3. The results of the impact evaluation process
(a) The quantitative targets set for participation of the key beneficiaries (local companies) were clearly achieved. 65 companies took advantage of the Project services, which surpass the goal set in the Project Plan by 8 percent. A large share of the participating companies was involved in more than one Growth Pact (https://uia-initiative.eu/en/news/gsip-project-story-during-2021-journal-3), indicating high level of satisfaction among the treated companies. Growing firms and firms that were making also other investments simultaneously were more likely to participate in the Project services.
(b) The quantitative targets set for each Growth Pact were hardly achieved due to a variety of external factors strongly connected to the COVID-19 pandemic and its impact on the Vantaa labour market. In addition, the impact evaluation confirmed that companies still follow long-term strategies in terms of productivity and use of human resources, which are not eager to change drastically. Achieving changes in these fundamentals is a challenging and a long process.
(c) Due to these challenges, it is believed that the businesses and the Vantaa area may have experienced improvements, not firmly validated by the impact evaluation process. A major lesson for any future local jobs and skills initiative must be to take into account also the requirements of an impact evaluation when planning the project. This is the only way to increase understanding of what delivers and how (H. Karhunen and H. Virtanen, Impact Evaluation in the Urban Growth Vantaa Project, October 2022, https://uia-initiative.eu/en/news/impact-evaluation-urban-growth-vantaa-project).
4. Key conclusions
Etla and Labore, the two independent research partners of the GSIP Project, applied the CIE method to provide solid information about the impacts produced by the intervention - positive and negative, intended and unintended, direct and indirect. They also identified key strengths and limitation of the approach that should be taken into account by local policy makers and practitioners across Europe.
Despite its wide applicability, the CIE method is not the magic bullet of impact evaluation some claim it to be. On its positive side is the fact of not requiring complex data structures to be estimated, just aggregate data on policy outcomes, collected before and after the intervention. As one applies the method in practice, its limitations start to become clear.

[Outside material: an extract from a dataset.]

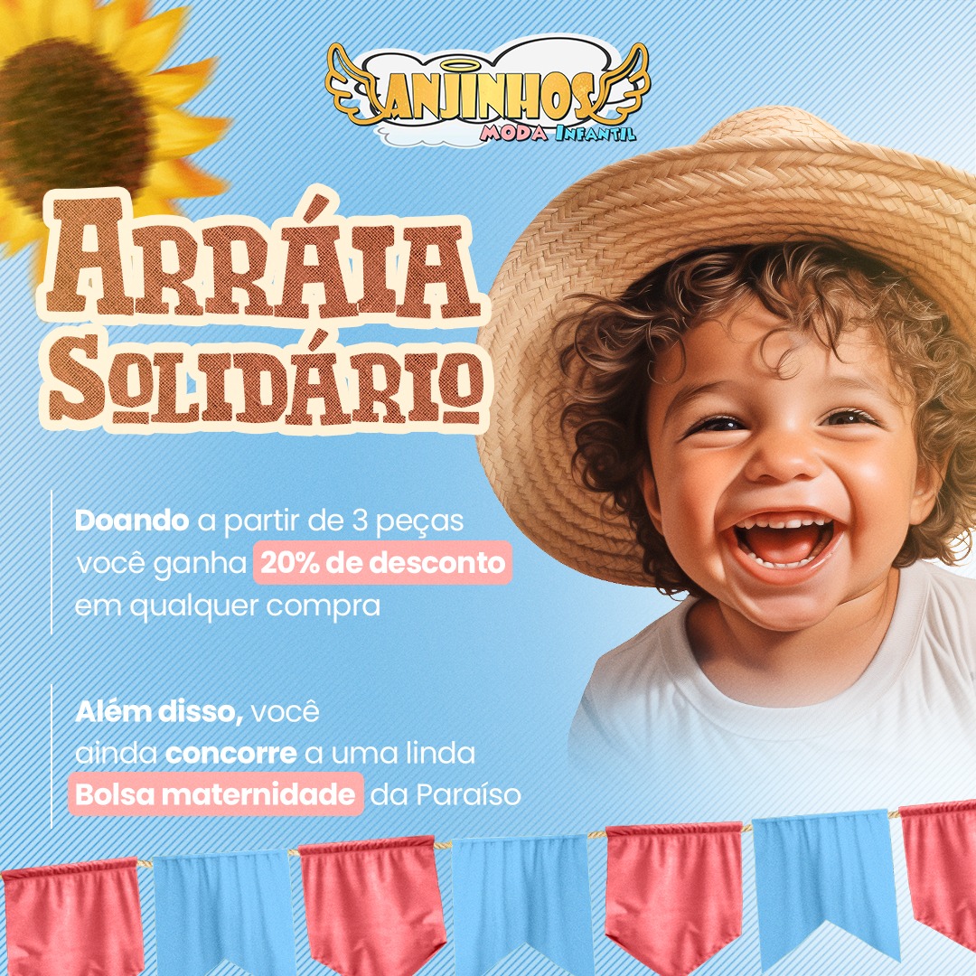 20% desc. + sorteio 01 BOLSA MATERNIDADE hoje no ARRAIÁ SOLIDÁRIO ANJINHOS MODA INFANTIL ! ( participe )
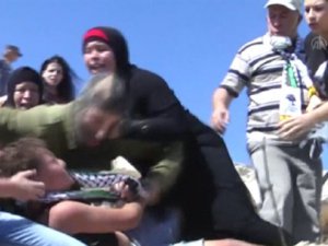 Filistinli bir annenin çocuğunu gözaltına almaya çalışan İsrail askerine karşı direnişi ise kameralara yansıdı.

On the practical side, the need of pre-intervention outcome data often represents an insurmountable obstacle, most often because of lack of planning in data collection. On the more conceptual side, the simplicity of the method comes at a price in terms of assumptions: the crucial identifying assumption to obtain impact estimates is that the counterfactual trend is the same for treated and non-treated units. This assumption can only be tested (and relaxed if violated), if more data are available.

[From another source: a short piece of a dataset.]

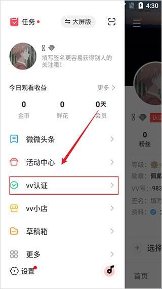 3、在打开的侧边页中,点击“vv认证”。
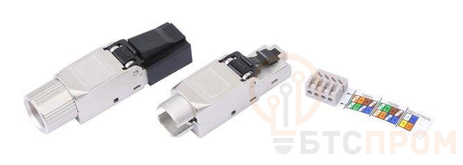 Разъем полевой оконцовки PLUD-8P8C-S-C6A-SH RJ-45 (8P8C) под витую пару для ож кабеля toolless кат. 6A экран. накручивающийся хвостовик IDC Hyperline 427413

In this context, interested authorities should discuss the possibility to apply more integrated concepts of impact evaluation processes during the design and implementation of innovative local jobs and skills agendas, which may combine both CIE and TBIE methods. Like any other evaluation, an integrated impact evaluation should be planned formally before the adoption of an initiative and managed as a discrete activity with the following phases:
- Describing what needs to be evaluated and developing the evaluation brief;
- Identifying and mobilizing resources;
- Deciding who will conduct the evaluation and engaging the evaluator(s);
- Deciding and managing the process for developing the evaluation methodology;
- Managing development of the evaluation work plan;
- Managing implementation of the work plan including development of reports;
- Disseminating the report(s) and supporting use.